Aux termes de l’article L.1152-4 du code du travail, lorsque survient un litige relatif à l’application des articles L. 1152-1 à L. 1152-3 et L. 1153-1 à L. 1153-4, le candidat à un emploi, à un stage ou à une période de formation en entreprise ou le salarié présente des éléments de fait laissant supposer l’existence d’un harcèlement.
Au vu de ces éléments, il incombe à la partie défenderesse de prouver que ces agissements ne sont pas constitutifs d’un tel harcèlement et que sa décision est justifiée par des éléments objectifs étrangers à tout harcèlement.
Le juge forme sa conviction après avoir ordonné, en cas de besoin, toutes les mesures d’instruction qu’il estime utiles.
Il importe peu que le salarié n’ait pas qualifié les faits qu’il dénonce de harcèlement moral.
En l’espèce, Mme [Z] fait état des agissements suivants:
— des mesures vexatoires répétées de la hiérarchie, son dénigrement, son absence de formation; avoir été affectée à un poste inférieur à celui initialement prévu au motif qu’il n’y aurait pas travail pour le poste qu’elle était censée occuper;
— l’absence de badge et d’habilitation la rendant dépendante de Monsieur [T] à tel point qu’elle devait calquer ses horaires de travail sur les siennes et se connecter via ses codes d’accès;
— des propos déplacés de celui-ci à son égard;
— un relationnel conflictuel avec sa responsable N+1 consistant en un abus d’autorité, lui reprochant par exemple de ne pas lui avoir dit au revoir le 22 juillet, ce qui a généré l’entretien du 23 juillet, en critiquant systématiquement son travail ou en tenant des propos désobligeants;
— avoir été laissée sans travail pendant plusieurs jours malgré ses demandes réitérées; avoir été mise à l’écart de toute l’équipe, exclue de toute réunion, isolée dans un bureau.

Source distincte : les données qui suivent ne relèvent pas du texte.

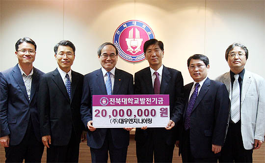 세계 4위 규모의 전북대 대형 풍동실험센터 공사를 맡았던 (주)대우엔지니어링이 대학측에 2000만원의 발전기금을 전달했다.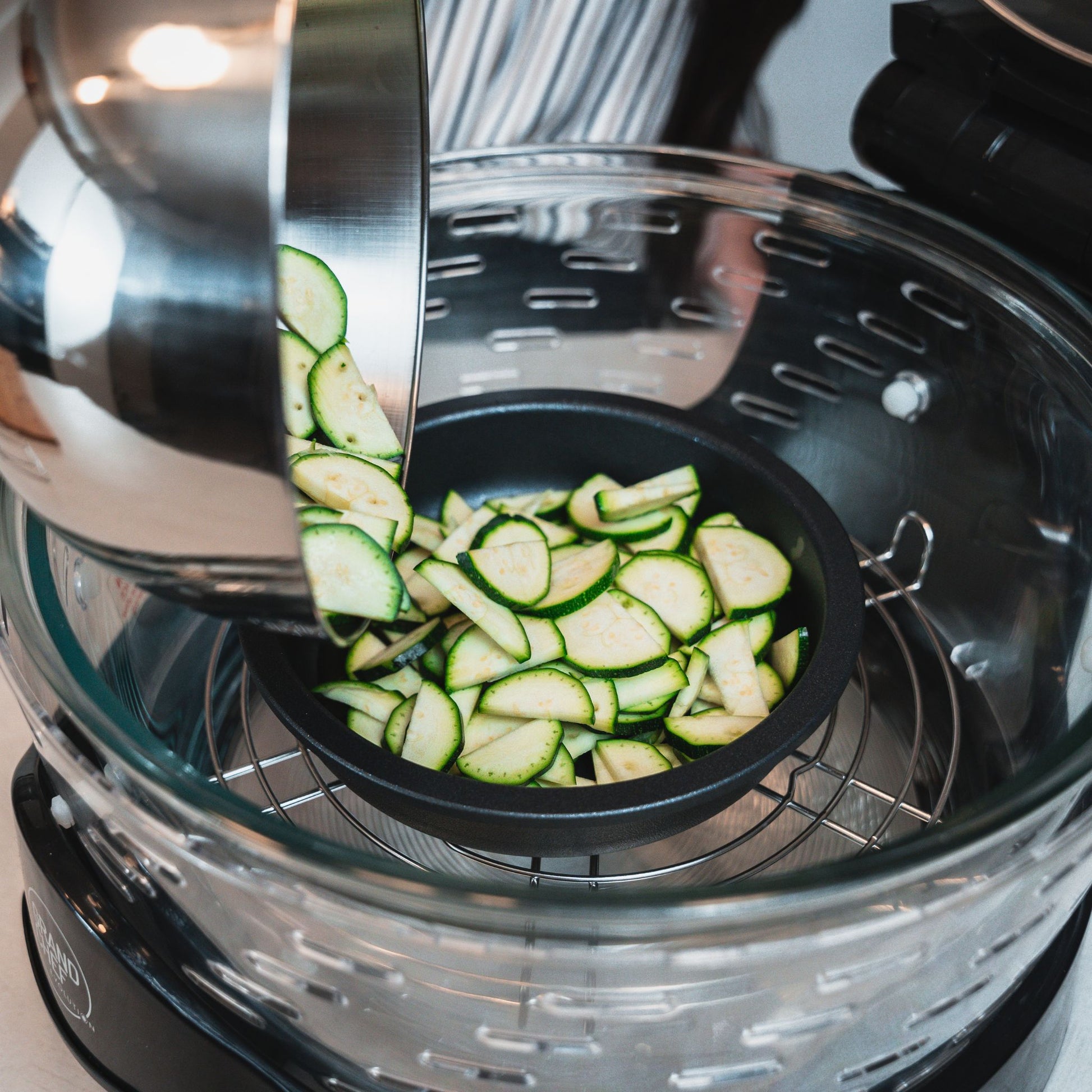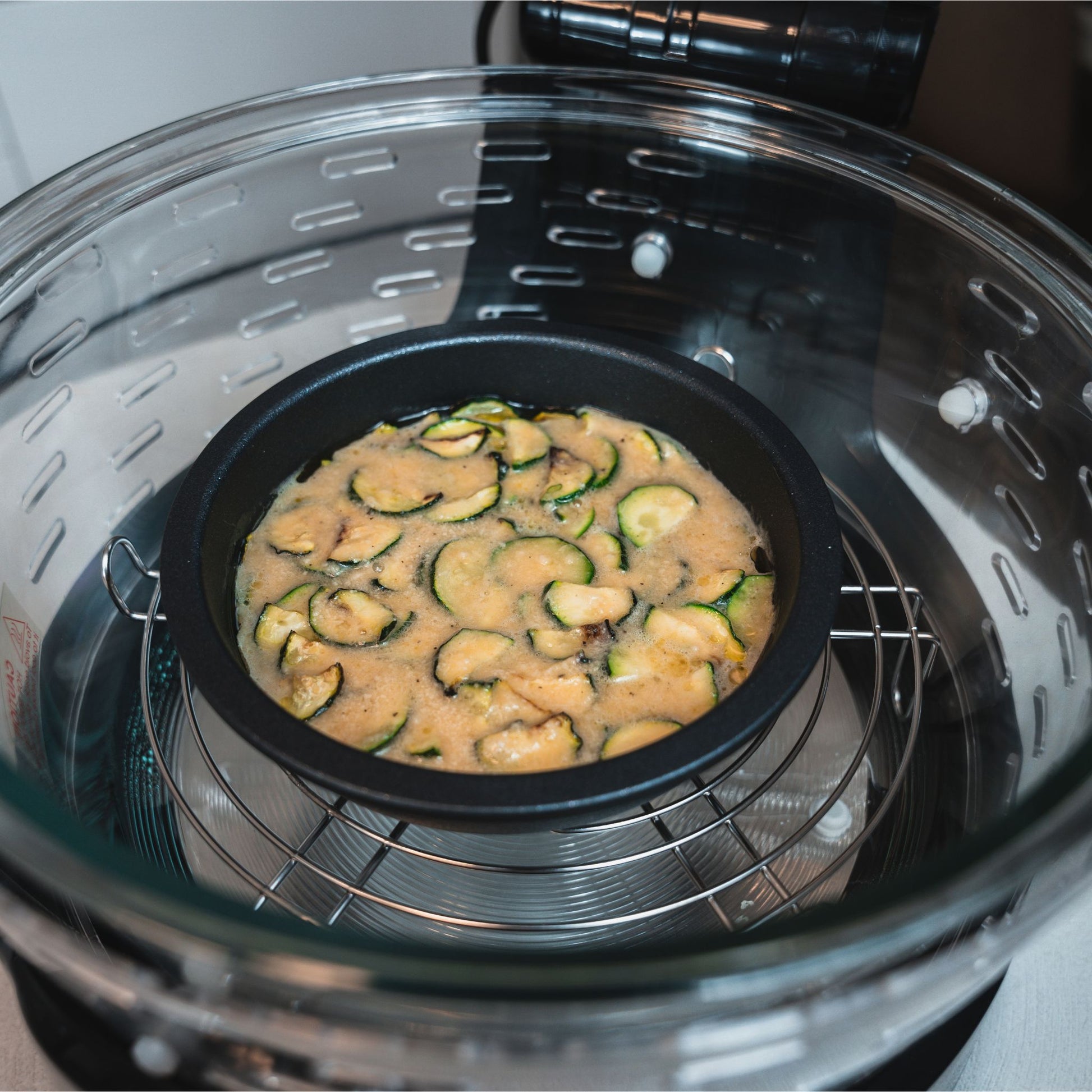 È combinabile con le teglie della linea Professional, che fungono da coperchio/piastra e permettono la cottura contemporanea di più pietanze in spazi ridotti.

S’agissant du premier fait, l’employeur ne conteste pas que la salariée n’avait pas les habilitations nécessaires et devait se connecter avec les identifiants de son référent, Monsieur [L] [T], et se caler en conséquences sur ses horaires. Toutefois face à ces difficultés elle a été autorisée à venir plus tôt, les habilitations étant intervenues finalement en novembre 2018, étant observé que l’employeur justifie des contacts avec la direction des services informatiques et des problèmes d’habilitation généraux à toute nouvelle arrivée.
Le fait ne sera pas retenu.
S’agissant du poste de la salariée et de la formation, il est démontré et pas contesté que le poste ne correspondait pas à celui sur lequel la salariée avait postulé et obtenu sa mutation sur le site de [Localité 6].
L’employeur plaide que l’activité de rattachement qui lui a été attribuée était temporaire avant que les missions de la salariée se concentrent sur les activités dites 'allocataires'. D’autres tâches lui ont été confiées, après échange avec un représentant de la Direction des Ressources humaines (attestation, mise à jour enfant à charge, RIB) et dont elle s’est déclarée satisfaire à l’exmen des échanges. Elle a par ailleurs bénéficié d’un plan de formation selon le mail adressé le 3 décembre 2018.
Par ailleurs, le responsable devait lui préciser que la montée en compétences sur les autres activités dépendait des directives des services centraux sur lesquelles il n’avait pas autorité.
Par ailleurs, la chronologie des événements fait apparaître que Mme [Z] a été placée en arrêt de travail du 16 au 19 novembre 2018, soit à peine quinze jours après sa prise de poste sur le site de [Localité 6], puis après dix jours de travail, du 4 décembre 2018 de manière ininterrompue jusqu’au 9 juin 2019. Elle aurait travaillé de façon effective 51 jours de son arrivée sur le site de [Localité 6] à la date de son licenciement.
Le fait n’est pas retenu.
S’agissant des propos de M. [T] ou l’abus d’autorité de sa N+1, il n’est pas contesté ainsi qu’il ressort de l’extrait du procès verbal du CHSCT du 29 octobre 2019 que les problèmes relationnels avec le référent avaient été réglés depuis l’entretien en 2018.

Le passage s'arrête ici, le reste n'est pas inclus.